|Rajabi, Ala Al|
|Booth, Sarah L.|
|Peterson, James W.|
|Choi, Sang Woon|
|Suttie, John W.|
|Shea, M. Kyla|
|Fu, Xueyan S.|
Submitted to: Journal of Nutrition
Publication Type: Peer Reviewed Journal
Publication Acceptance Date: 2/8/2012
Publication Date: 5/1/2012
Citation: Rajabi, A., Booth, S., Peterson, J., Choi, S., Suttie, J., Shea, M., Miao, B., Grusak, M.A., Fu, X. 2012. Deuterium-labeled phylloquinone has tissue-specific conversion to menaquinone-4 among Fischer 344 male rats. Journal of Nutrition. 142(5):841-845. Interpretive Summary: Phylloquinone (PK) is mainly dietary form of vitamin K. PK is converted into menaquinone-4 (MK-4) in specific tissues of mammals. MK-4 has unique biological roles. However, the exact mechanism by which PK is converted to MK-4, and the location of where this conversion occurs are not known. The objective of this work is using stable isotope technology to address these gaps in knowledge. The stable isotope technology is novel and widely used in nutrition metabolism. The vegetable was grown in the heavy water, so PK in the vegetable was labeled. We fed the animals with labeled vegetable in different time course. The labeled PK and labeled MK-4 were measured in animal tissues. We found that MK-4 is the preferred form of vitamin K in multiple tissues, but there appears to be a tissue-specific regulation for the conversion of PK to MK-4. These results are important in order to better understand unique physiological roles of MK-4. The results are significant because these findings have implications for the roles of dietary vitamin K in maintaining optimal health.

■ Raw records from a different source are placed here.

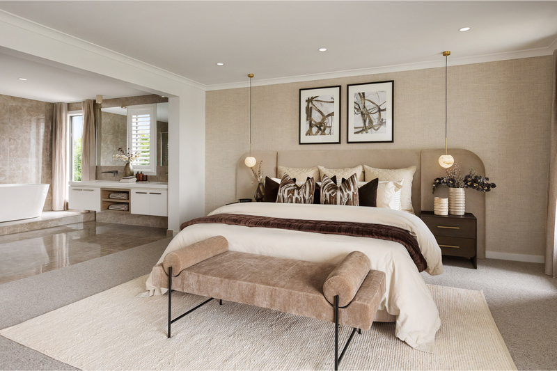 Meanwhile, the master suite spans the front width of the home, creating a private retreat complete with a fully fitted walk-in robe and a luxurious ensuite featuring a freestanding bath set on a raised podium.
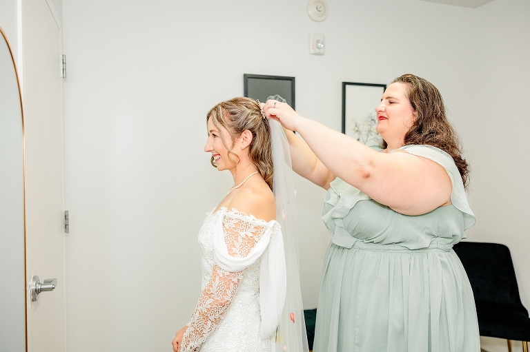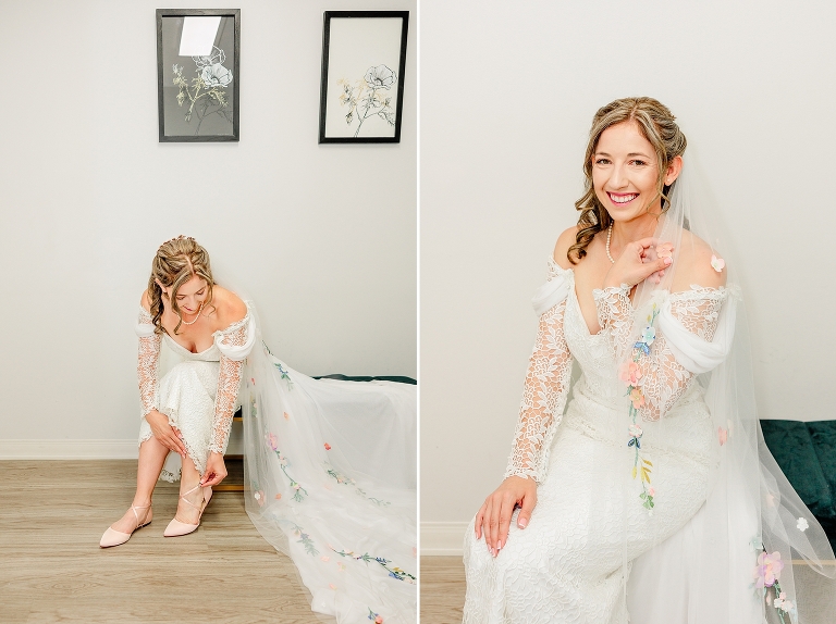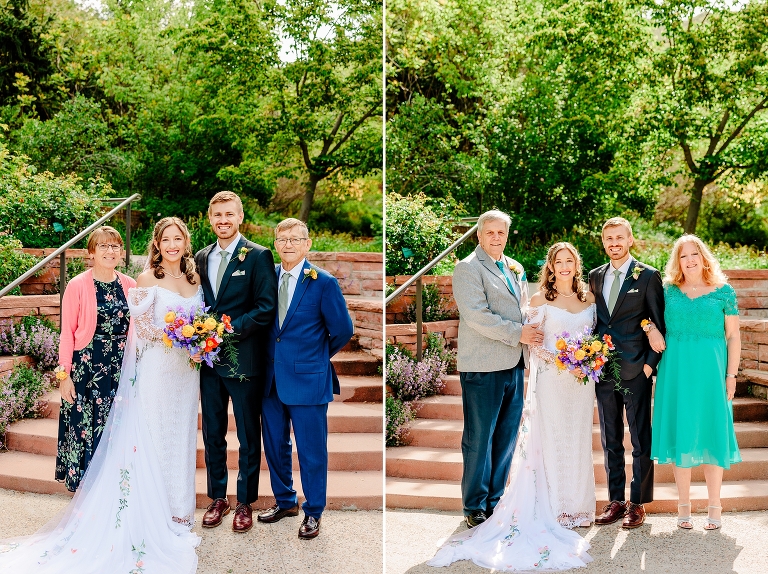 Ashley looked absolutely stunning in a beautiful vintage dress! She found the dress on a whim, thrift shopping while both sets of parents were in town visiting. The lace dress was so unique and fit her like a glove. Add in a floral embroidered veil, and Ashley was a perfect spring bride! We found so many beautiful spots for photos at their Red Butte Orangerie Wedding. I couldn’t believe how many things were blooming!
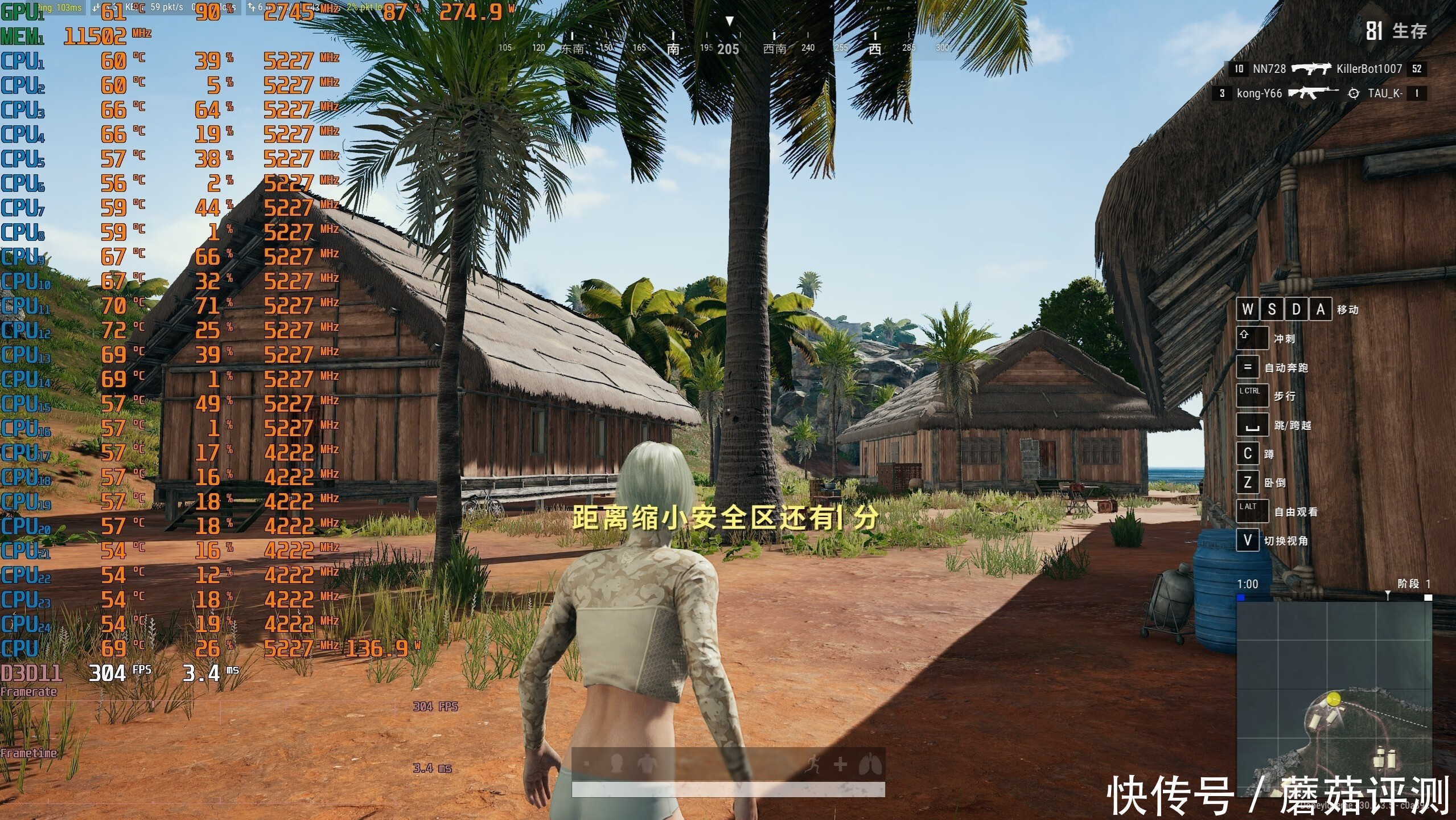 ▼再次进入绝地求生PUBG,2K分辨率,全高画质,室外游戏帧数在304帧左右,相比较默频提升明显。
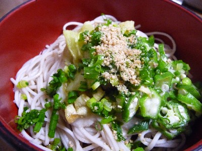 ねばねばそば:470kcal (そば、めんつゆ、長芋、おくら、なす、小ねぎ、すりごま)
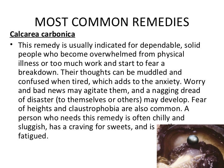 - 154. MOST COMMON REMEDIES Calcarea carbonica• This remedy is usually indicated for dependable, solid people who become overwhelmed from physical illness or too much work and start to fear a breakdown. Their thoughts can be muddled and confused when tired, which adds to the anxiety. Worry and bad news may agitate them, and a nagging dread of disaster (to themselves or others) may develop. Fear of heights and claustrophobia are also common. A person who needs this remedy is often chilly and sluggish, has a craving for sweets, and is easily fatigued.
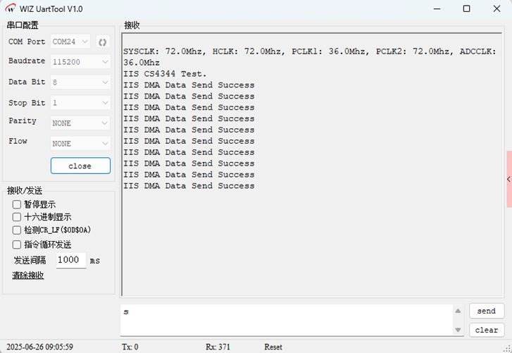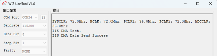 IIS_CS4344例程主要实现了基于W55MH32芯片的I2S音频传输功能。以下是实现过程和结果验证:
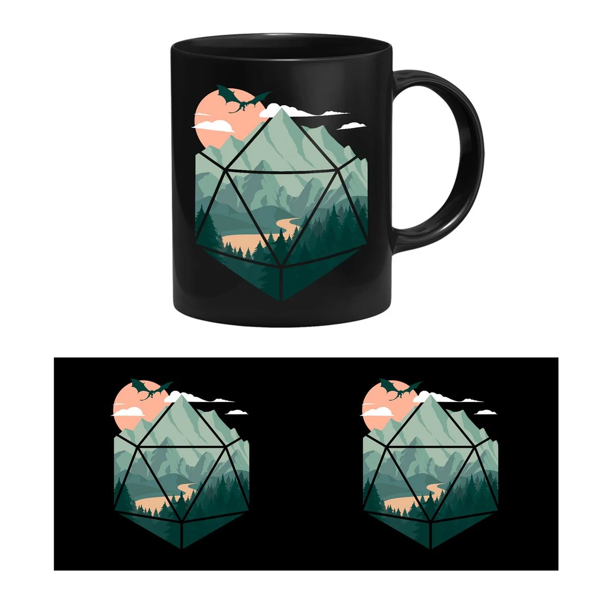 Die Tasse zeigt eine Landschaft innerhalb eines W20.
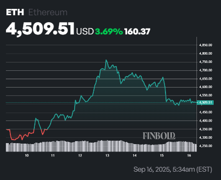 The forecast comes as Ethereum recently hit a record high near $5,000 before pulling back in line with broader markets. As of press time, ETH was trading at $4,507, down less than 0.5% on the day but up 3.6% over the past week.
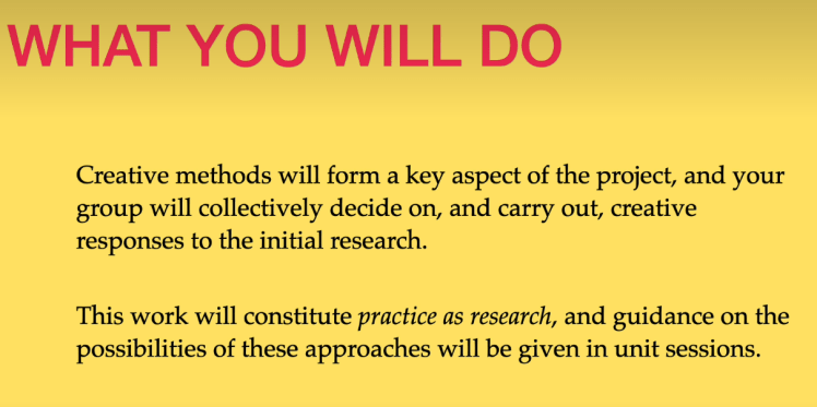 Creative methods will form a key aspect of the project, and your group will collectively decide on, and carry out, creative responses to the initial research. This work will constitute practice as research, and guidance on the possibilities of these approaches will be given in unit sessions.
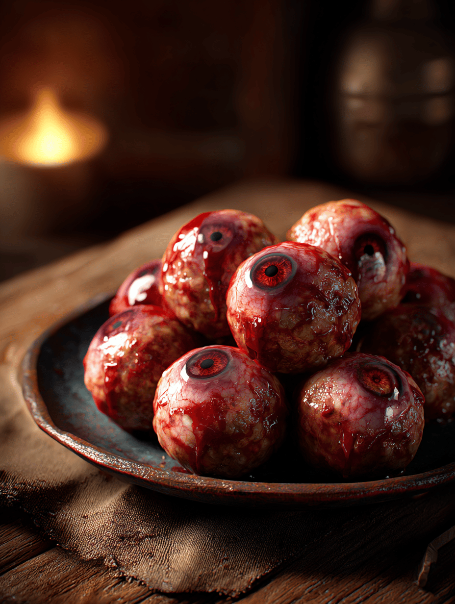 Serve the eyeball meatballs hot, paired with your favorite spicy tomato sauce or tangy yogurt dip for a bold and adventurous flavor experience.
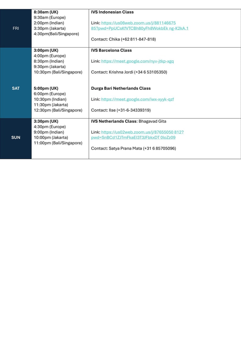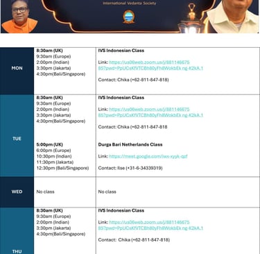 Every day there are classes in Varanasi as well as online for all audiences, brought to you by Swami Probuddhananda Puri. If you want to join for the first time, please inform our contact mentioned per class. For more information, see our program below, or download the program here:
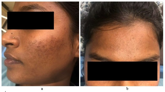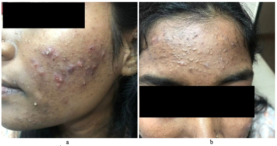 A 24-year-old female presented to us with erythematous papulo- nodular acne with a lot of comedones over her face (Figure 5a & Figure 5b). She had been using triple combination cream (Hydroquinone+Mometasone+tretinoin) for over a year, to look fairer. She was asked to stop the triple combination cream and underwent 3 sittings of peel (TCA, Jessner’s, and Salicylic acid) one month apart along with oral isotretinoin for nearly three consecutive months with a waxing and waning course. Hence, we started the patient on red-led light therapy for four minutes on each side of the face, twice weekly. After 6 sittings of the treatment, all the papulo-nodular and comedonal acne lesions resolved with no side effects (Figure 6a & Figure 6b). She was maintained on isotretinoin for another 2 months during which we did not see any relapse.
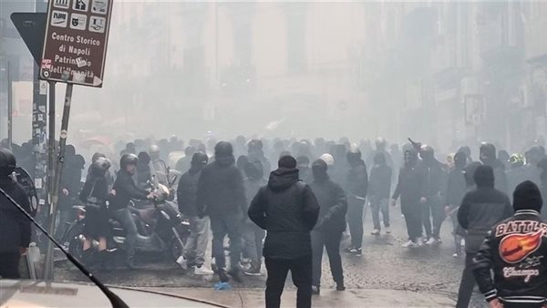 اشتباكات بين جماهيرآينتراخت فرانكفورت والشرطة الإيطالية قبل مباراة نابولي في دوري الأبطال (صور)

Technical Abstract: Phylloquinone (PK) is converted into menaquinone-4 (MK-4) via side chain removal-addition. Stable isotope use is an effective approach to identify the tissue location of this conversion, which is currently unknown. Following a 14 d PK-deficient diet, male Fischer 344 rats (8 mo; n=15) were fed 1.6 mg deuterium-labeled PK (L-PK) per kg diet for 0 (C), 1d (PK-1) and 7 d (PK-7). Both L-PK and deuterium-labeled MK-4 (L-MK-4) were detected in tissues in PK-1 and PK-7, although results varied. Whereas some tissues had an overall increase in MK-4 in response to L-PK, total brain, testes and fat MK-4 concentrations did not. In contrast, L-MK-4 concentrations increased in all three tissues. The deuterium label was found only on the L-MK-4 naphthoquinone ring, confirming the need for side chain removal for formation of MK-4. Labeled menadione (L-MD) was detected in urine and serum in PK-1 and PK-7, confirming its role as an intermediate. A Caco-2 cell monolayer model was used to study the role of the enterocytes in the conversion process. Neither MK-4 nor MD was detected in Caco-2 cells treated with PK. However, when Caco-2 cells were treated with MD, MK-4 was formed. Similarly, MK-4 was formed in response to MD-treated kidney cells. These data demonstrate that MK-4 is the predominant form of vitamin K in multiple tissues, but there appears to be a tissue-specific regulation for the conversion of PK to MK-4.